Transformation

The word transformation came into vogue as a personal and social phenomenon in the 1970s principally through the success and notoriety of Werner Erhard, a friend I have admired and worked with for a decade. His est training touched the lives of hundreds of thousands of people and generated numerous books and a couple of films. The ‘training’ was a four-day intensive immersion into a smorgasbord of experiential exercises and intense lectures punctuated with engaging ‘coaching’ conversations with participants. The whole thing was great theater as 150 or so people confronted their ‘story’ and self-imposed limitations. By the end of the program, there was a powerful ‘transformation’ in the way most people observed and experienced their lives. It was authentic, for most was lasting, and made a genuine difference in the lives of a lot us in those days. What happened to the training and to Werner is another story, but its and his legacy live in what can now be asserted as a fact — at every moment, every human being has the possibility of transforming their life and how they relate to their circumstances.
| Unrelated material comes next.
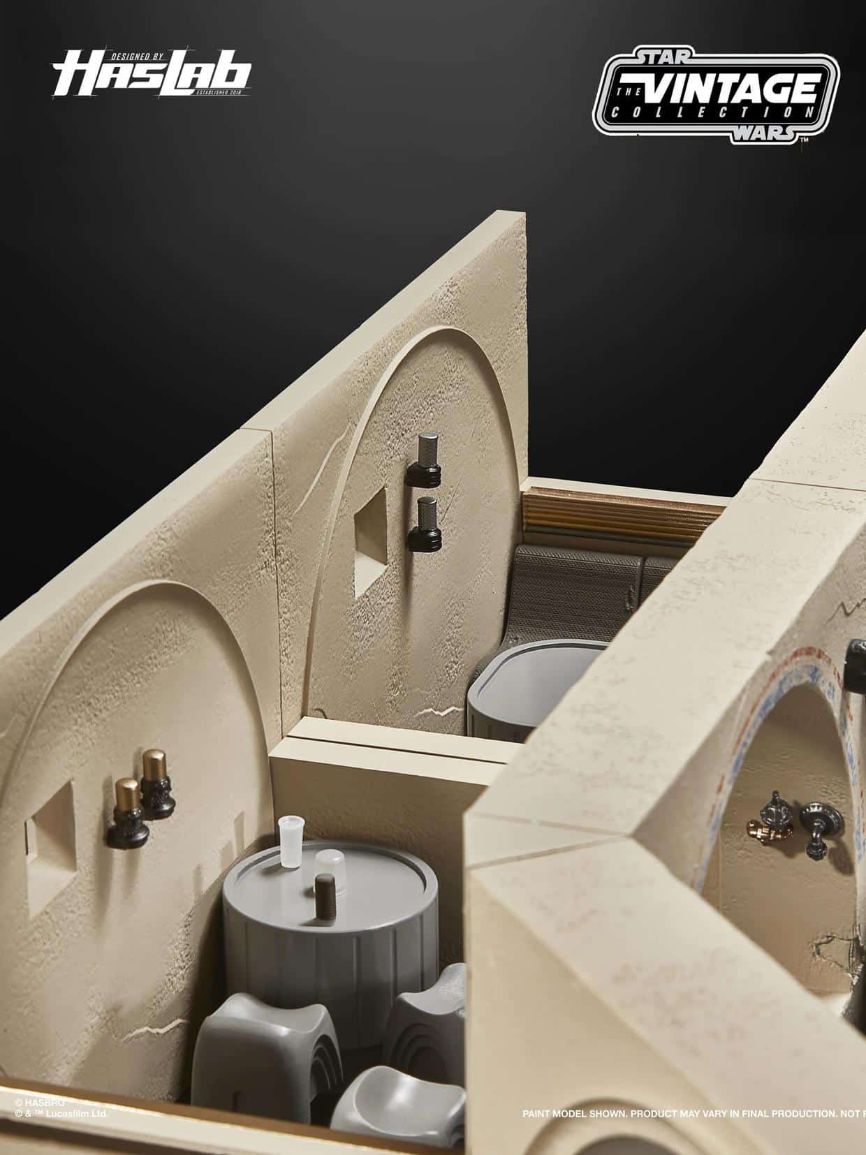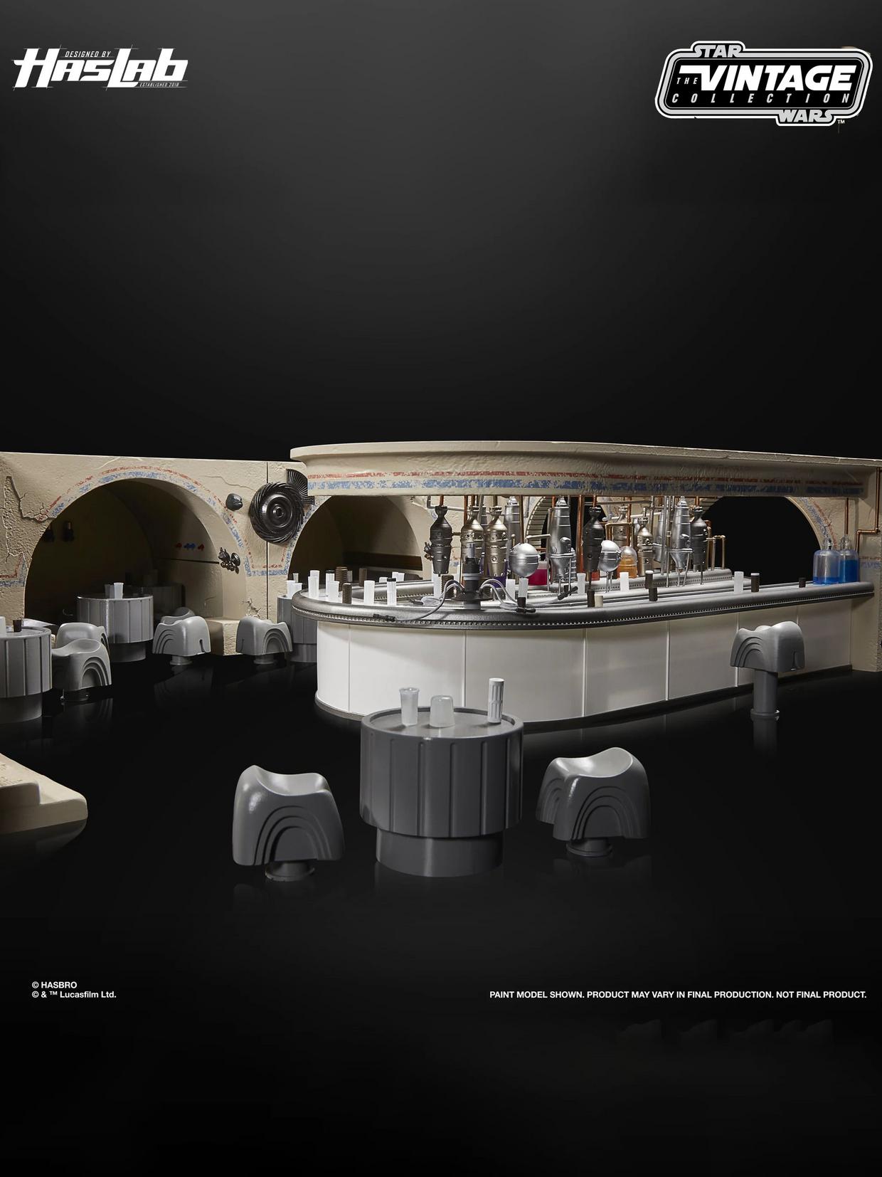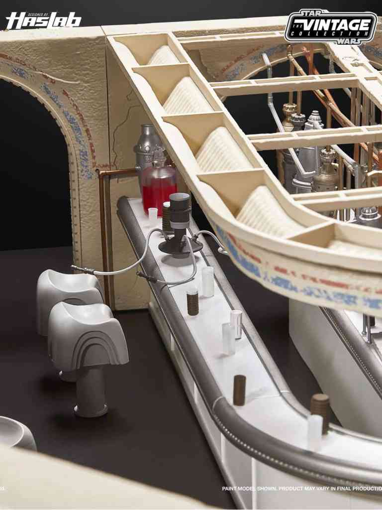 Unser HasLab Designteam bezog sich auf die Originalzeichnungen, um die Cantina mit der Detailtreue zum Leben zu erwecken, die Fans von der Vintage Collection gewohnt sind − einschließlich eines vollständig modularen, austauschbaren Designs.

It has been almost 20 years since I have seen Werner or spent any time with people associated with his organization. We’ve grown apart, though with fond memories. As I have undertaken this project to begin blogging and talking about growing older as a possibility, I am reminded often of how vigorously people in the training would argue against the whole idea of transformation. “What-you-say-cannot-be-true-because-if-it-is then-everything-I-have-been-doing-and-what-I-believe-must-be-wrong!” The leader would explain that was not necessarily the case, since transformation is simply a different context, a different relationship with our circumstances. He or she would explain that when we ‘adopt’ a new paradigm, we don’t negate or invalidate the old one any more than Einstein negated or invalidated Newton. It is just another way to look at the world. Which worldview you choose is a function of what you want and what you are committed to creating.

I am reflecting on all this because I am hearing a lot of people arguing with the possibility that growing older can be positive to the very end. They keep telling me to be realistic and give me all sorts of examples to prove the best years are behind us. The ‘stars’ of growing older—the Jack LaLanne’s or George Burns’ or Maggie Smith’s of the world—are put up as exceptions that prove the rule.

What I am seeing is that we need to bring back the idea that we have a choice. We can age as a continuation and extension of the same mindset and ‘way of being’ that served us for a long time (including the common sense ideas of our prevailing culture about aging). Or we can undertake to transform our experience of living for the rest of our lives — we can reinvent ourselves and approach the future in an entirely different context than we normally would have available.

The official ‘purpose’ of the est training was “to transform our experience of living so that the problems and situations we have been trying to change or have been putting up with clear up just in the process of life itself.” It worked for most people. What if that were the purpose of retirement and making the transition into the last half or last third of life?

Now that would be something to look forward to.